2. Update initializer_prompt.md

Output path: $ARGUMENTS/prompts/initializer_prompt.md

If the output directory has an existing initializer_prompt.md, read it and update the feature count. If not, copy from .claude/templates/initializer_prompt.template.md first, then update.

Update the feature count references to match the derived count from Phase 4L:

  • Line containing "create ... test cases" - update to the derived feature count
  • Line containing "Minimum ... features" - update to the derived feature count

Note: You do NOT need to update coding_prompt.md - the coding agent works through features one at a time regardless of total count.


AFTER FILE GENERATION: NEXT STEPS

Once files are generated, tell the user what to do next:

"Your specification files have been created in $ARGUMENTS/prompts/!

Files created:

  • $ARGUMENTS/prompts/app_spec.txt
  • $ARGUMENTS/prompts/initializer_prompt.md

Next step: Type /exit to exit this Claude session. The autonomous coding agent will start automatically.
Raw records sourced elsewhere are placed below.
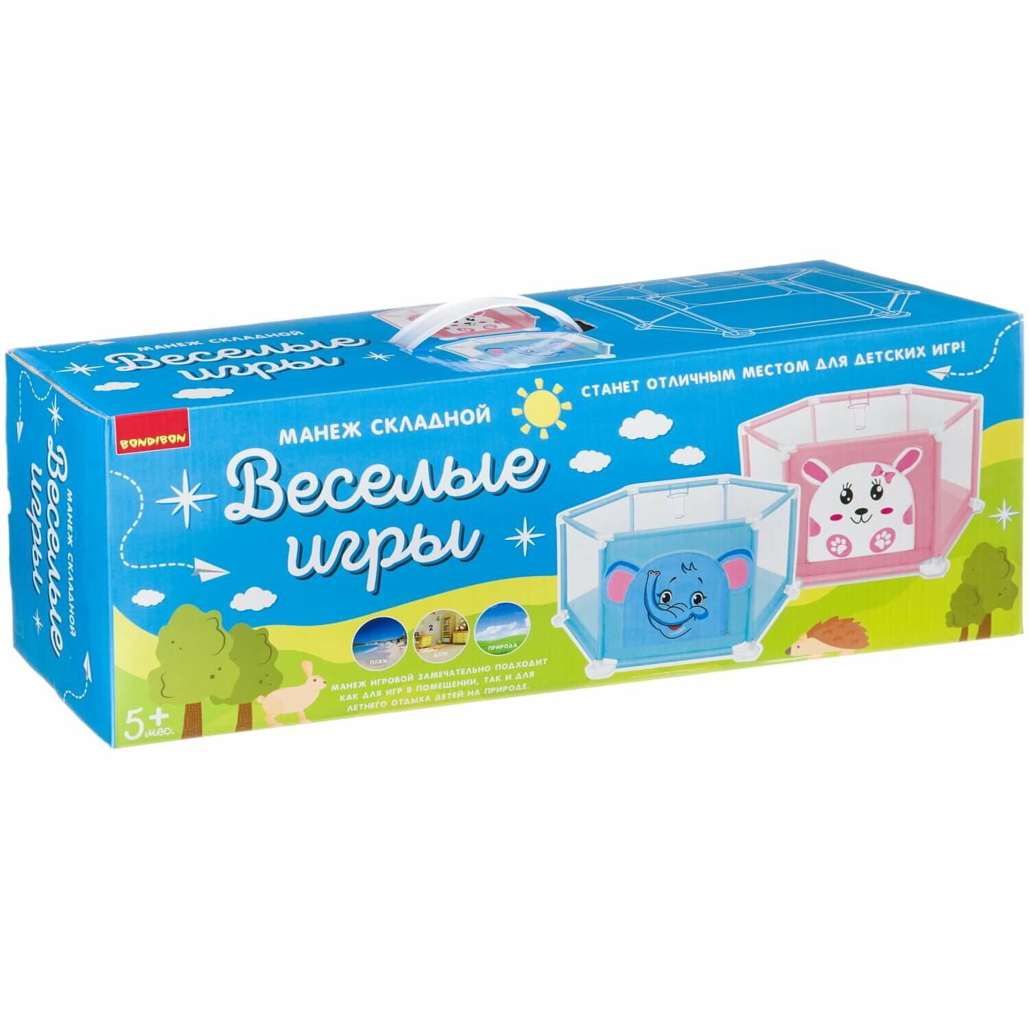 Манеж складной Bondibon "весёлые игры", голубой, 125 см, BOX
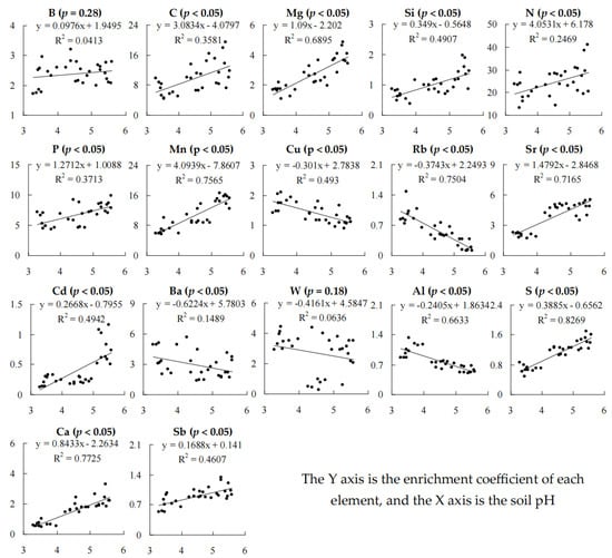 Soil is rich in elements and is the source of element absorption and accumulation in plants, which are absorbed into the soil through the root system and then transported to different parts of the plant for plant growth and development [1,2]. Plant uptake of soil elements is characterized by specificity, which comes from the selective nature of element uptake by plants themselves, on the one hand, and changes in element uptake by plants due to changes in environmental factors, on the other [3,4,5,6,7]. Soil pH has been described as a “major soil index” that affects biogeochemical cycling, and changes in soil pH can significantly affect elemental forms in the soil, which in turn affects elemental uptake by plants [8]. Appropriate soil pH facilitates the maximum uptake of soil elements by plants. Too low pH reduces the effectiveness of secondary macronutrients and increases the effective micronutrients in the soil. In addition, too low pH inhibits plant growth and not only reduces the uptake of macronutrients by the plant, but also hinders the utilization of micro-nutrients by the plant [9,10].
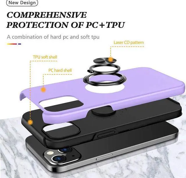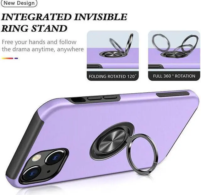 Features: Compatible with Apple iPhone 15. Made from reinforced bonded thermopolyurethane and high quality polycarbonate materials, which makes it flexible enough to absorb punishment but hard enough to resist potential damage. The back of the case has a built-in extremely practical handle, Ring, which can be put on the finger to hold the phone more securely in your hand. Pull the ring out and have a handy viewing stand to comfortably watch your favorite show. Ultra-slim, lightweight and minimal design. Equipped with two-piece design, you can easily pop the case on and off with ease while still feeling ultimately protected. Raised front bezel and camera opening prevent scratches to the screen and camera lens. Get maximum safety and easy access to all buttons and ports from raised bezel edges, shock-absorbing corners, and a non-slip bumper grip. Enjoy magnetic mount compatibility, as the ring holder also functions as a built-in metal plate. Antimicrobial case protection.
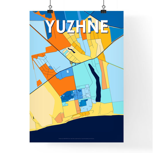 Yuzhne Ukraine Vibrant Colorful Art Map Poster
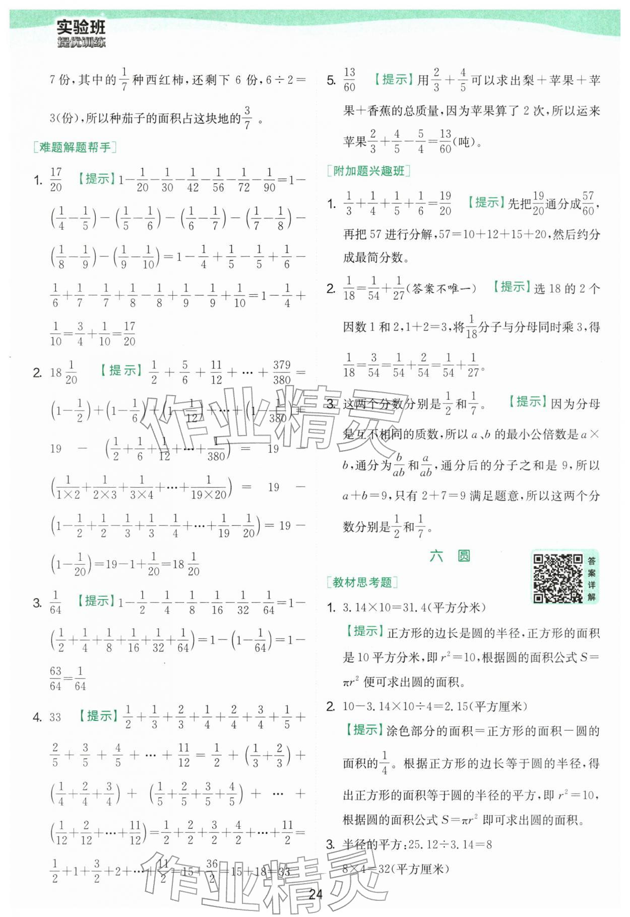 2026年实验班提优训练五年级数学下册苏教版参考答案第72页

Important timing expectations:

  • First session: The agent generates features in the database. This takes several minutes.
  • Subsequent sessions: Each coding iteration takes 5-15 minutes depending on complexity.
  • Full app: Building all [X] features will take many hours across multiple sessions.

Controls:

  • Press Ctrl+C to pause the agent at any time
  • Run start.bat (Windows) or ./start.sh (Mac/Linux) to resume where you left off"

Replace [X] with their feature count.


IMPORTANT REMINDERS

  • Meet users where they are: Not everyone is technical. Ask about what they want, not how to build it.
  • Quick Mode is the default: Most users should be able to describe their app and let you handle the technical details.
  • Derive, don't interrogate: For non-technical users, derive database schema, API endpoints, and architecture from their feature descriptions. Don't ask them to specify these.
  • Use plain language: Instead of "What entities need CRUD operations?", ask "What things can users create, edit, or delete?"
  • Be thorough on features: This is where to spend time. Keep asking follow-up questions until you have a complete picture.
  • Derive feature count, don't guess: After gathering requirements, tally up testable features yourself and present the estimate. Don't use fixed tiers or ask users to guess.
  • Validate before generating: Present a summary including your derived feature count and get explicit approval before creating files.

BEGIN

Start by greeting the user warmly. Ask ONLY the Phase 1 questions:

"Hi! I'm here to help you create a detailed specification for your app.

Let's start with the basics:

  1. What do you want to call this project?
  2. In your own words, what are you building?
  3. Who will use it - just you, or others too?"

STOP HERE and wait for their response. Do not ask any other questions yet. Do not use AskUserQuestion yet. Just have a conversation about their project basics first.

After they respond, acknowledge what they said, then move to Phase 2.